Attorney Reid Schar said the existence of additional documents is not an open question. "I'm not guessing, judge," he said. "I know it because I've seen them."
N.J. Lawyer Tells Judge: More Christie Scandal Documents Exist

The plot, it thickens! Tell us more, Mr. Schar:

TRENTON, N.J. — The lawyer for a New Jersey Legislature joint committee probing the George Washington Bridge lane closure hinted in court Tuesday that more discussions about the incident took place involving two of the governor's key aides.

Lawyer Reid Schar argued that Gov. Chris Christie's former deputy chief of staff, Bridget Anne Kelly, and former Christie campaign manager William Stepien should be forced to turn over documents and electronic records that the joint panel has subpoenaed. He said the committee issued "very focused subpoenas" and was not engaged in a fishing expedition.

Judge Mary Jacobson of New Jersey Superior Court pushed the issue with Schar on whether more evidence exists than investigators know already.

"You're making inferences that more exist," Jacobson said.

"We know that more exist," Schar said.

Kelly is suspected of initiating lane closures to the George Washington Bridge over the Hudson River that tied up traffic in Fort Lee, N.J., for four days starting the first day of school Sept. 9. The suspicion is based on e-mail she appears to have sent from a personal account to an associate at the Port Authority of New York and New Jersey.

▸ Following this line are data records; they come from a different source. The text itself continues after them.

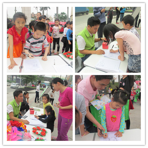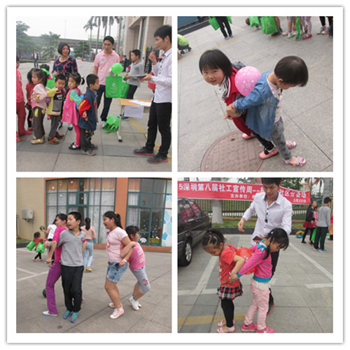 活动分为:游戏互动、咨询服务、社工服务资源手册发放、宣传展板等环节。游戏环节设计了互动环节,动手能力环节。一在提高孩子们的动手能力,二是让孩子和家长之间有一个互动沟通的机会,能够一起玩耍。
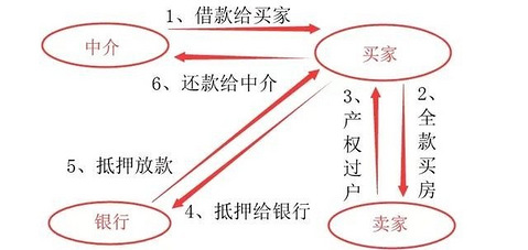 手上暂时没有钱全款买房,让中介借钱给你全款买房,产权交易后把产权抵押给银行,银行再放款给你,再把钱还给中介。 这个流程是二手房交易中常见的问题。卖家不接受买家按揭买房,而买家(也就是你)暂时资金有困难或者不愿意全款买房,为了达到交易的目的,就得找一个第三方的资金来帮助买家暂时垫付购房款,从而达到卖家需要买家全款购房的目的。这种交易流程如下图: 为什么会有这种交易流程呢?这种交易有什么样的风险吗?这
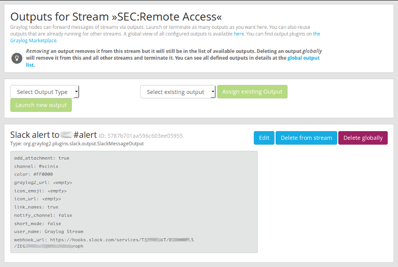 아래 그림을 보자. 먼저, 어떤 조건(condition)일 때 보낼 것인지를 지정할 수 있는 상자가 있고, 그 아래에는 이미 설정된 조건을 표시하고 있다. 그리고 그 아래에는 아까 만들었던 출력(Output)과 복수로 연결할 수 있는 설정을 제공한다. (이런 N:N 구조도 매우 중요한 요소인데, 볼수록 디자인이 잘 된 시스템이라는 생각이 든다. 아쉬운 부분 중 하나는 이 시스템 차원의 Output 외에, 사용자 기반으로 설정되는 것이 없다는 점.)
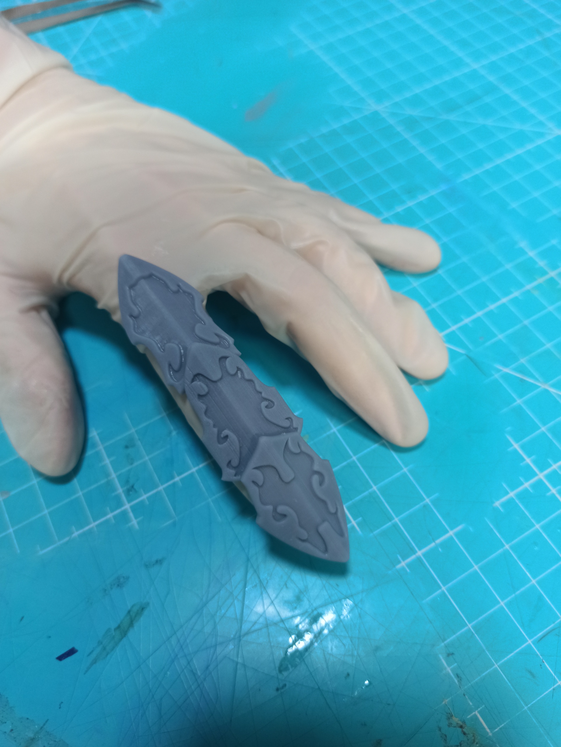 La armadura del dorso de la mano est谩 hecha con goma eva de 2mm de grosor y adornos impresos en resina.
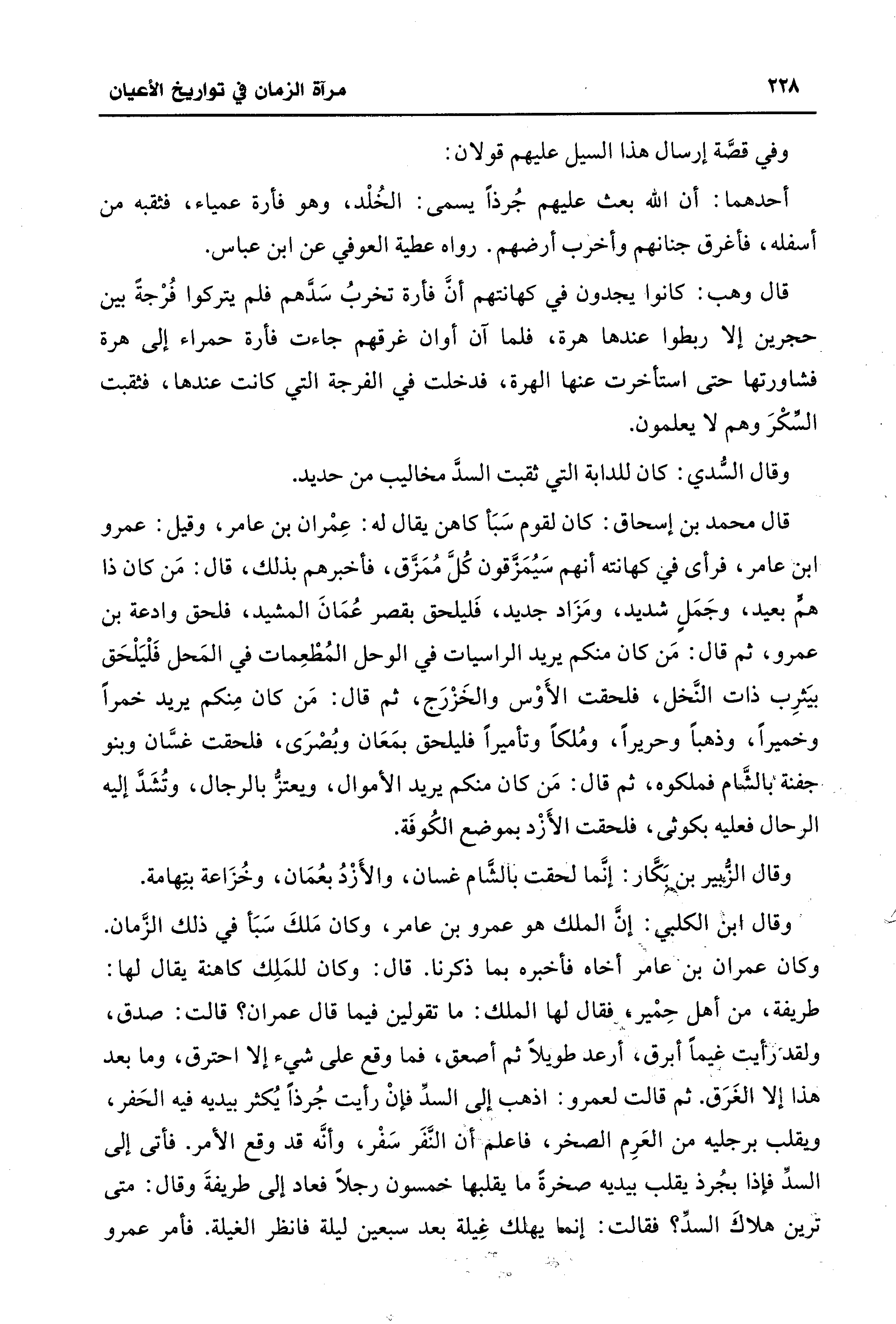 وقال ابن الكلبي: إنَّ الملك هو عمرو بن عامر، وكان مَلكَ سَبَأ في ذلك الزَّمان. وكان عمران بن عامر أخاه فأخبره بما ذكرنا. قال: وكان للمَلِك كاهنة يقال لها: طريفة، من أهل حِمْير، فقال لها الملك: ما تقولين فيما قال عمران؟ قالت: صدق، ولقد رأيت غيمًا أبرق، أرعد طويلًا ثم أصعق، فما وقع على شيء إلا احترق، وما بعد هذا إلا الغَرَق. ثم قالت لعمرو: اذهب إلى السدِّ فإنْ رأيت جُرذًا يُكثر بيديه فيه الحَفر، ويقلب برجليه من العَرِم الصخر، فاعلم أن النَّفَر سَفْر، وأنَّه قد وقع الأمر. فأتى إلى السدِّ فإذا بجُرذ يقلب بيديه صخرةً ما يقلبها خمسون رجلًا فعاد إلى طريفةَ وقال: متى ترين هلاكَ السدِّ؟ فقالت: إنما يهلك غِيلة بعد سبعين ليلة فانظر الغيلة. فأمر عمرو

Following the closures, as the incident became more political, Stepien was brought into a discussion of a published story about fallout and replied that the mayor of Fort Lee, who had complained about Port Authority response to the closures, was an "idiot."

Christie fired him for that remark. He also fired Kelly for her involvement.

In court, Stepien's lawyer argued that the subpoena was forcing his client to attest to the existence of documents and be a witness against himself. The Fifth Amendment offers protections against that action, Kevin Marino said.

Existing and known e-mails, which Marino read in court, "do not permit the fair inference that there are other documents," he said.

In rebuttal, Schar said the existence of additional documents is not an open question.

"I'm not guessing, judge," he said. "I know it because I've seen them."